Abhinava Goupta nous a laissé un ensemble de notes sur des passages du texte, dans sa version cachemirienne (une vingtaine de versets en plus). Nous avons aussi le commentaire, excellent car il explique la Gîtâ par la Gîtâ, de Râmakantha, disciple d'Outpala Déva.
Krishna est Kâlî, la conscience comme devenir, comme impermanence.
Quelques remarques à ce propos :
mayi sarvam idaṃ protaṃ sūtre maṇigaṇā iva
"Tout ceci est tissé en moi,
comme des perles sur un colliers." (VII, 7)

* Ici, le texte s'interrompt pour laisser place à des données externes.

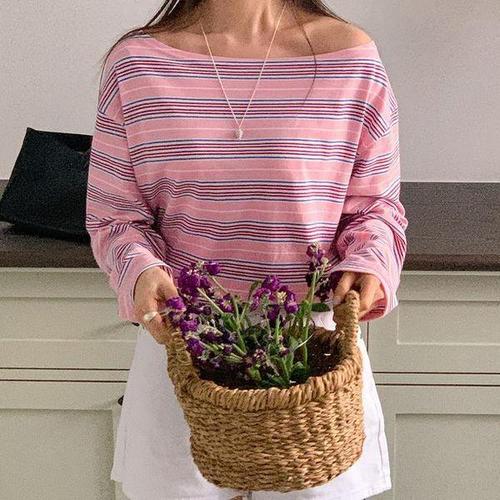 [셀러허브_여성트랜드패션]여자 박스 빅사이즈 입술넥 줄무늬 티셔츠
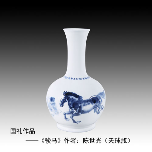 “2011年1月18日至21日,胡錦濤主席對(duì)美國(guó)進(jìn)行了國(guó)事訪問(wèn)。此訪系2011年我國(guó)外交開(kāi)篇之作,國(guó)際社會(huì)對(duì)此廣泛關(guān)注。由中國(guó)海瓷藝術(shù)研究院研制、美術(shù)家創(chuàng)作的海瓷瓶《六駿圖》、《駿馬》、《醉詠紅梅》和《春韻》作為禮品贈(zèng)予美方。瓷瓶設(shè)計(jì)精美、制作精細(xì),為增進(jìn)中美人民的相互了解和友誼起到了積極作用。特此表示衷心感謝!”
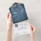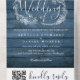 Blue Rustic Wood String Lights QR Code Wedding All In One Einladung
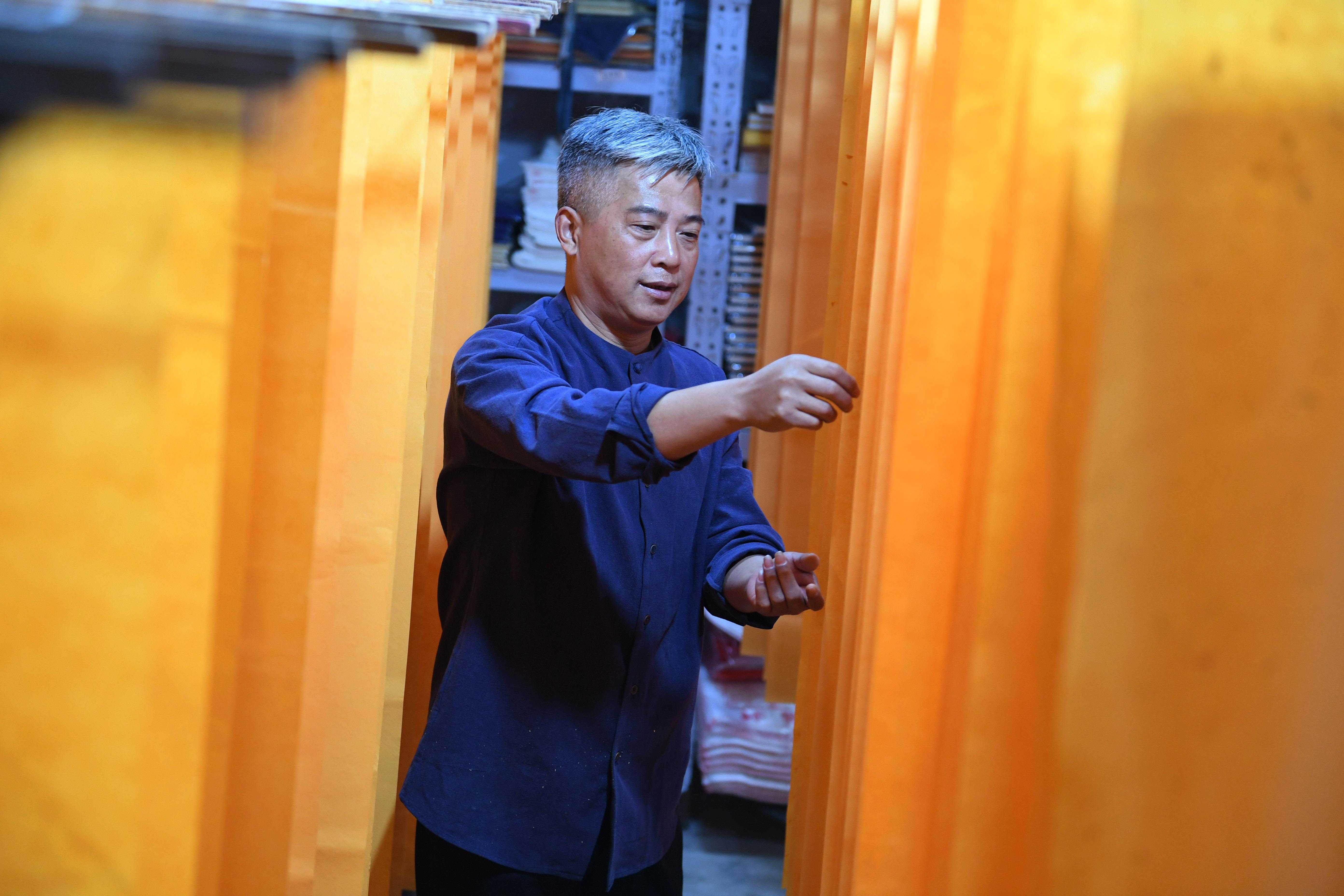 Cao Li, son of Cao Jianqin, has now become a good partner of his father in both of the making and selling of "Cao Family" Xuan paper. "I want to integrate the best of our time into the making of Xuan paper and make people know about it and pass it down in a better way," Cao Li said. (Xinhua/Liu Junxi)
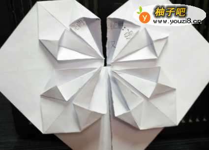 7接着将上面的三耍颂趣角形往后折叠,立体心形就折好啦。

De fait, tout est dans la conscience, tout "tient" par cet invisible ciment, comme le prouve l'expérience, toute expérience.
La conscience parle, elle s'éveille à sa véritable nature :
ahaṃ kṛtsnasya jagataḥ prabhavaḥ pralayas tathā
"Je suis la source et la dissolution du monde entier." (VII, 6)
C'est précisément ce que montre le Chant de la Reconnaissance du Maître en soi (Îshavara-pratyabhijnâ), par Outpala Déva. D'ailleurs, ce dernier cite le verset 15 du chapitre XV de la Gîtâ et en fait le pivot de son discours :
Après avoir réaffirmé son immanence :
sarvasya cāhaṃ hṛdi saṃniviṣṭo
"Je suis présente au cœur de tous",
il affirme que c'est bien lui qui pense, qui perçoit, qui oublie, et Outpala Déva fait de cette déclaration étonnante le canevas de la Reconnaissance :
; mattaḥ smṛtir jñānam apohanaṃ ca
"De Moi viennent la mémoire, la perception et l'oubli",
sachant qu'Outpala Déva rapproche "l'oubli" (apohana) de la notion bouddhiste "d'exclusion" (apohana aussi), base de la théorie du sens chez le bouddhiste Dharmakîrti (autre philosophe cachemirien), théorie qui vise à expliquer comment les concepts (vikalpa) peuvent signifier quelque chose d'une réalité qu'il n'appréhende pourtant pas - car, selon lui, seul la perception connaît le réel - et comment, sur cette base, il nous sert à "fonctionner" avec une relative efficacité parmi les objets; au sein d'une réalité avec laquelle le langage n'entre pourtant jamais en contact.
La Pratyabhijnâ peut être considérée comme une explication de ce passage et d'autres de la Gîtâ, comme ceux-ci :
jīvanaṃ sarvabhūteṣu
"Je suis la vie de tous les êtres".
[Je note cet autre déclaration frappante, entre autres :
dharmāviruddho bhūteṣu kāmo 'smi
"Dans les êtres, je suis le désir qui ne s'oppose pas au Dharma"]
Il serait donc important d'écrire un livre sur cette interprétation tantrique de la Gîtâ. Il y a là, je crois, une profondeur insoupçonnée, malgré l'abondance des interprétations.
Nota bene : je ne pratique pas l'écriture inclusive ; ici, parce que la conscience enveloppe les genres et s'en joue ; loin d'être "neutre", elle est libre d'assumer toutes les postures sans être confinée en aucune.